Hope for hemophiliacs
Pfizer has announced positive topline results from its phase III BASIS study evaluating Hympavzi (marstacimab) for adolescents and adults with hemophilia A or B who have developed inhibitors. The study demonstrated that once-weekly subcutaneous administration of Hympavzi significantly reduced the annualized bleeding rate (ABR) by 93 percent compared to on-demand treatment with bypassing agents. This superiority was also observed across all secondary bleeding endpoints, including spontaneous, joint, and target joint bleeds. Hympavzi was generally well-tolerated, with no reported deaths or thromboembolic events. The treatment offers a once-weekly subcutaneous injection requiring minimal preparation, potentially reducing the treatment burden for patients. Pfizer plans to discuss these findings with regulatory authorities to initiate filings for Hympavzi's approval in this patient population. Hympavzi operates via a mechanism distinct from traditional factor replacement therapies, targeting the tissue factor pathway inhibitor to restore hemostatic balance. Further analyses of the full phase III dataset are ongoing, with additional data presentations planned for upcoming medical meetings.
Research
Pramipexole’s potential in depression treatment
A recent University of Oxford-led clinical trial has demonstrated that pramipexole, a medication traditionally used to treat Parkinson’s disease, can significantly alleviate symptoms in individuals with treatment-resistant depression (TRD). The study involved 150 participants who had not responded to at least two prior antidepressant treatments. Over a 48-week period, participants received either pramipexole or a placebo in addition to their existing antidepressant regimen. Those administered pramipexole experienced notable improvements in depressive symptoms by the 12th week, with benefits sustained throughout the year-long study. However, side effects such as nausea, sleep disturbances, and dizziness were reported, leading approximately 20 percent of participants to discontinue the medication. Pramipexole's mechanism, which enhances dopamine levels, differs from most antidepressants that target serotonin, potentially accounting for its effectiveness in TRD cases.
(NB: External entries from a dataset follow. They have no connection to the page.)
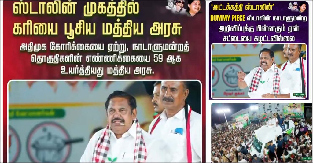 தமிழ்நாட்டின் நாடாளுமன்ற எண்ணிக்கை குறைந்துவிடும் என்று ஸ்டாலின் கூறி வருகிறார்.. மக்களை ஏமாற்றி வருகிறார். ஆனால்,   நான் ஏற்கனவே  இதுகுறித்து,  தெளிவுபடுத்தினேன். தமிழ்நாட்டிற்கு விழுக்காடு குறையாது என்று கூறினேன். ஆனால்,   அதன்பிறகும் வேண்டு மென்றே ஸ்டாலின் கருப்புச் சட்டை போட்டிருக்கிறார் என   விமர்சித்த எடப்பாடி, தற்போது, மத்திய பாஜக அரசு ஸ்டாலின் முகத்தில் கரி பூசிவிட்டது என்றார்.
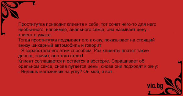 Опять клиент платит и остается доволен. Спрашивает о традиционном секcе. Пpoctиtуtka опять ведет его к окну, показывает на небоскреб и говорит:
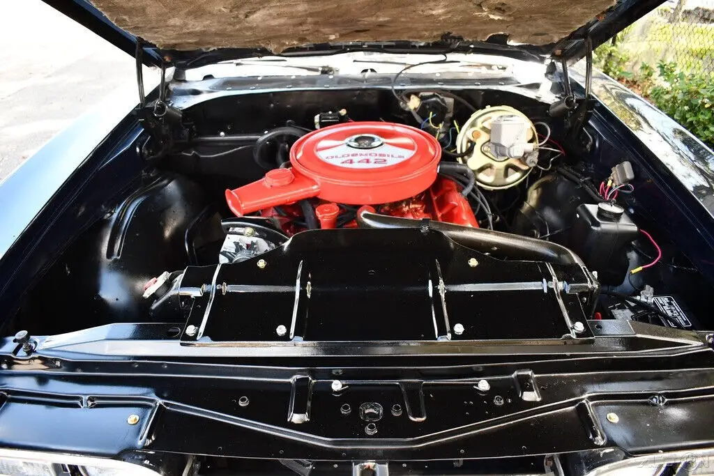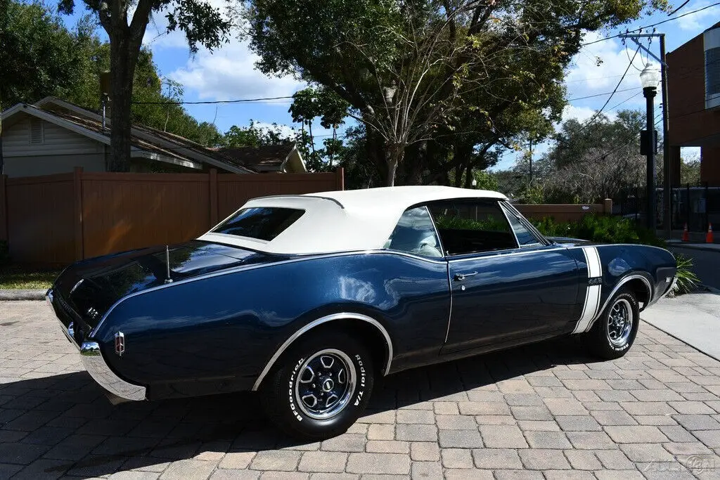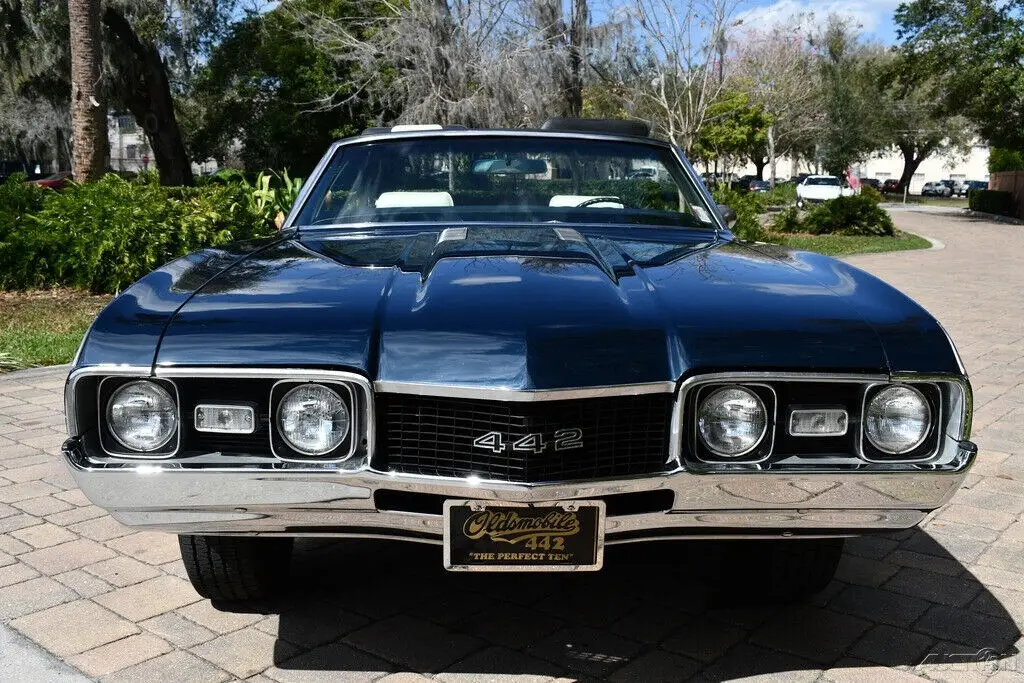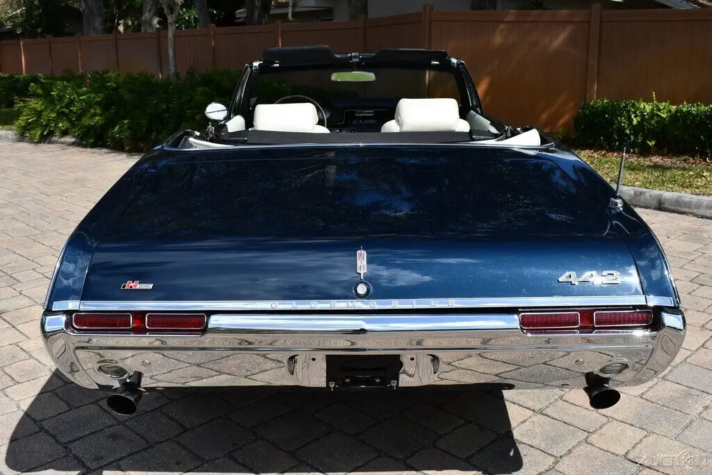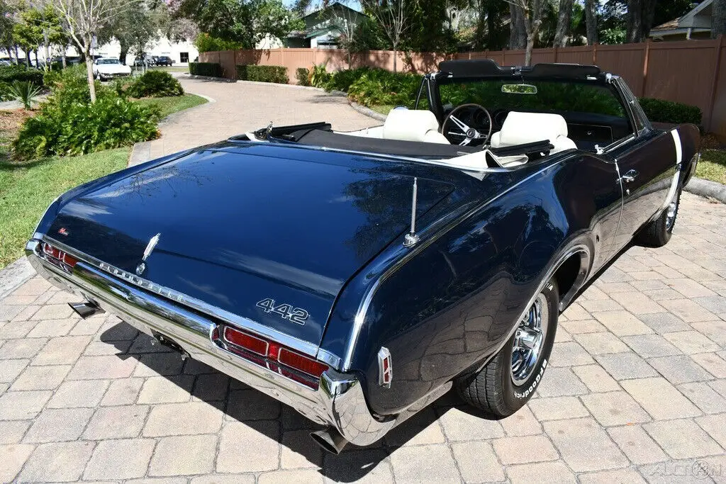 Remarkable 1968 Oldsmobile 442 Convertible Numbers Matching 400ci V8 Engine 4 Speed Muncie Transmission Posi Traction Rear end Blue Exterior Tilt Wheel White Bucket Seats Power Steering Power Brakes Power Trunk Release &

Brewing the future of peptide therapies
An international research team led by Ca’ Foscari University of Venice has engineered brewer’s yeast into microscopic fluorescent factories capable of producing diverse macrocyclic peptides – molecules with significant therapeutic potential. These peptides offer precise targeting, stability, and reduced side effects compared to traditional drugs. Traditional discovery methods are often slow, complex, and environmentally taxing. To address this, scientists modified yeast cells to individually generate unique peptides, each emitting fluorescence upon production. This innovation enabled the rapid screening of billions of variants within hours, enhancing both speed and sustainability. Structural analyses confirmed the peptides' strong binding capabilities, underscoring their therapeutic promise. The project, involving collaborators from Japan, China, Switzerland, and Italy, received support from the EU’s Next Generation EU initiative. A patent has been filed, and the technology has been acquired by the startup Arzanya S.r.l., aiming to advance drug discovery for challenging medical targets.